[Start of Attachment]

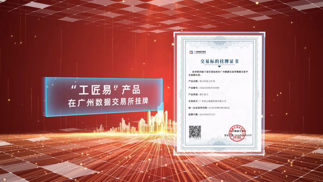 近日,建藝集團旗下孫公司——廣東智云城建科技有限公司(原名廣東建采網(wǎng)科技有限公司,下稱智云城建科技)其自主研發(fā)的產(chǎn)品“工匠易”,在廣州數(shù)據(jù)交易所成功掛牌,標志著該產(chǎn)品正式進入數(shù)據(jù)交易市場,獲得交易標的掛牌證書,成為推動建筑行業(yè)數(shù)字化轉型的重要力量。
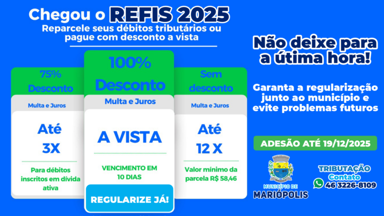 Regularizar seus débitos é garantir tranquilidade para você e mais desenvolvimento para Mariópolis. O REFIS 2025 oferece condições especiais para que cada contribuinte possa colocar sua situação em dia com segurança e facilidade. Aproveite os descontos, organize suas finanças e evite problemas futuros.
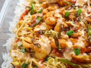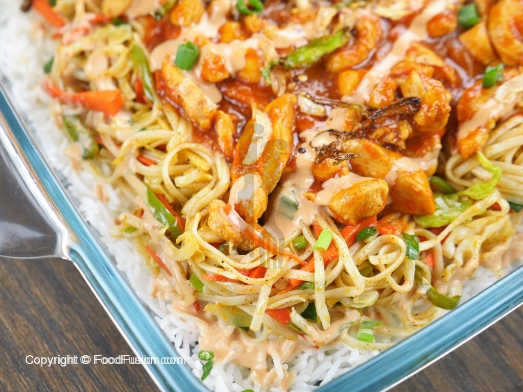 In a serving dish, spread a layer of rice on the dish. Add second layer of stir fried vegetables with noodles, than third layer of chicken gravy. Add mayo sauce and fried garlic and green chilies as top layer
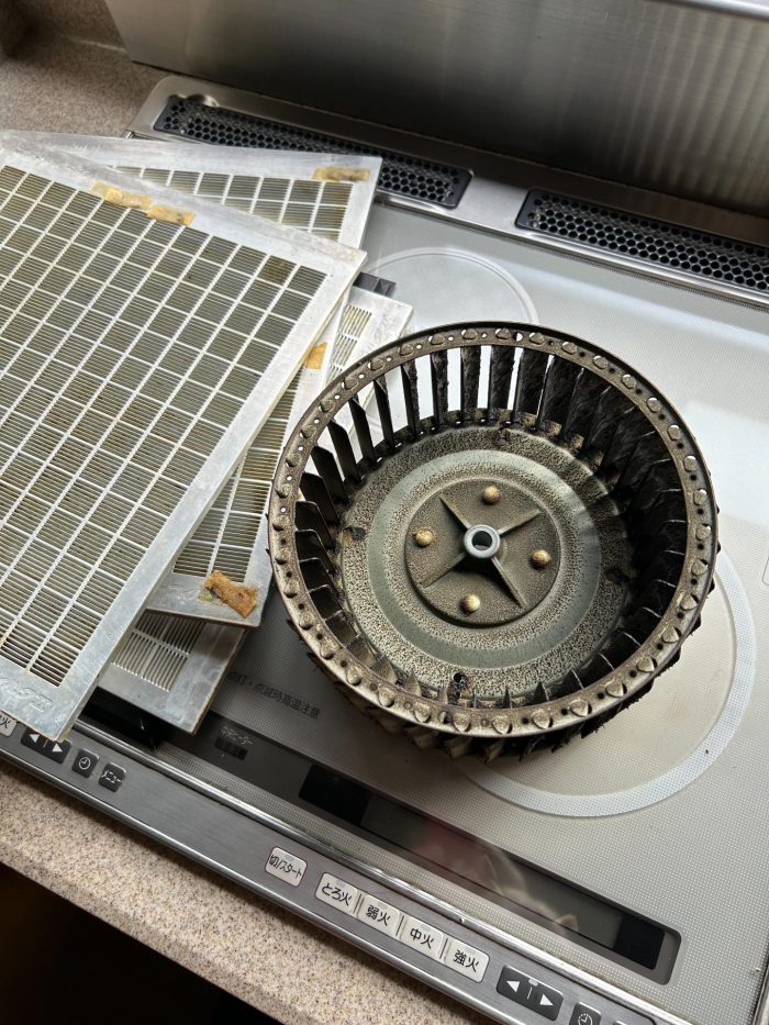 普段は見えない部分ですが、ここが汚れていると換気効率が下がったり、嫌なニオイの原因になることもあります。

[End of Attachment]
[Start of Attachment]

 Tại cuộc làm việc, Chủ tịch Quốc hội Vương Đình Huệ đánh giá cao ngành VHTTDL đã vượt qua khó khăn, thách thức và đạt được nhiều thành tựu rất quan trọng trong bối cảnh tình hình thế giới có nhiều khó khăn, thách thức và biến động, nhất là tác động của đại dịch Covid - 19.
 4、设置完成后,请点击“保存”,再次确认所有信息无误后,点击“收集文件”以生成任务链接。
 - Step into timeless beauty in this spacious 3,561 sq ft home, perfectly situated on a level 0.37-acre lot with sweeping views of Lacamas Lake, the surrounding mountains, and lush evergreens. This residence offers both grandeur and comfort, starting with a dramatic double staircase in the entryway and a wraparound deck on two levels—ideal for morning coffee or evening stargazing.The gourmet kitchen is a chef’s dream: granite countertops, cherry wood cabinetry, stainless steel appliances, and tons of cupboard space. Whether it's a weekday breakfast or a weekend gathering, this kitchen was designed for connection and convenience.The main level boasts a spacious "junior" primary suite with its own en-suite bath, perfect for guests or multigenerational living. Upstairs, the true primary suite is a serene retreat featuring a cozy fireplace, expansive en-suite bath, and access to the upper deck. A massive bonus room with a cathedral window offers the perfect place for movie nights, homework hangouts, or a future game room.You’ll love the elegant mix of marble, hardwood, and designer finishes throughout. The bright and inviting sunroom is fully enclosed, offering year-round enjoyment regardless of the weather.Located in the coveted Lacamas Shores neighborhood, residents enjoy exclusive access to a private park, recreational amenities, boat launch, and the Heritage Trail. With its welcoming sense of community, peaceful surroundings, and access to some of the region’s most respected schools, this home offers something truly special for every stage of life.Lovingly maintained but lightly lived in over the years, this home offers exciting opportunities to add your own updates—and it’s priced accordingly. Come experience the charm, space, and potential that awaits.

[End of Attachment]
[Start of Attachment]

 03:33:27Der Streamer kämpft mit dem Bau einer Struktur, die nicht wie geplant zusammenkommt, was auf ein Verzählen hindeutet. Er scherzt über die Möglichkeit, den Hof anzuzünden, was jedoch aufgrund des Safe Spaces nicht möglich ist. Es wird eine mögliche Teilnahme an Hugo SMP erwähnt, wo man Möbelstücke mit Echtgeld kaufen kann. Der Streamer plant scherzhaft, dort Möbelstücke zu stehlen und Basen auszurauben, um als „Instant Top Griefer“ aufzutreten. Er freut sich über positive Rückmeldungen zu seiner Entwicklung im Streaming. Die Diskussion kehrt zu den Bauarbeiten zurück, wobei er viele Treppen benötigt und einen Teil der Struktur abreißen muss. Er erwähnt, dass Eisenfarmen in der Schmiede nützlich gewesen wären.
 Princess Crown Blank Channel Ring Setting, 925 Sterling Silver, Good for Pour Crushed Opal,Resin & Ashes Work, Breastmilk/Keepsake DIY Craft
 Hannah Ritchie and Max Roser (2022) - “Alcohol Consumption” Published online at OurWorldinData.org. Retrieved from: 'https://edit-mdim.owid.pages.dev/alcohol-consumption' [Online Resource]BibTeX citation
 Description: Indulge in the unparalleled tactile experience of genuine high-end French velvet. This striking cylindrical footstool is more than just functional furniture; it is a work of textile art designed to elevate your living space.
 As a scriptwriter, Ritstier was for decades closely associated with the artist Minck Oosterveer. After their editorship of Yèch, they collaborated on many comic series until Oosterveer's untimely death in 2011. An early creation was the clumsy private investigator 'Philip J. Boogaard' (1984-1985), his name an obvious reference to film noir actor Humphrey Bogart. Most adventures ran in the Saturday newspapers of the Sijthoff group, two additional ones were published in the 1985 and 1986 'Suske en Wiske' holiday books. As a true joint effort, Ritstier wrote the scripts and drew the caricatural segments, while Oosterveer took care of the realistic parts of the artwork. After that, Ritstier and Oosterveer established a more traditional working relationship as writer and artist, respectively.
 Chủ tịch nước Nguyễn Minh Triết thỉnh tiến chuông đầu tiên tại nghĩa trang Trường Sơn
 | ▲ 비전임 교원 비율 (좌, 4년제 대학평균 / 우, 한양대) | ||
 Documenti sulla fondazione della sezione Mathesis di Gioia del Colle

[End of Attachment]

Take every line from the data that includes the word "tịch".

 Tại cuộc làm việc, Chủ tịch Quốc hội Vương Đình Huệ đánh giá cao ngành VHTTDL đã vượt qua khó khăn, thách thức và đạt được nhiều thành tựu rất quan trọng trong bối cảnh tình hình thế giới có nhiều khó khăn, thách thức và biến động, nhất là tác động của đại dịch Covid - 19.
 Chủ tịch nước Nguyễn Minh Triết thỉnh tiến chuông đầu tiên tại nghĩa trang Trường Sơn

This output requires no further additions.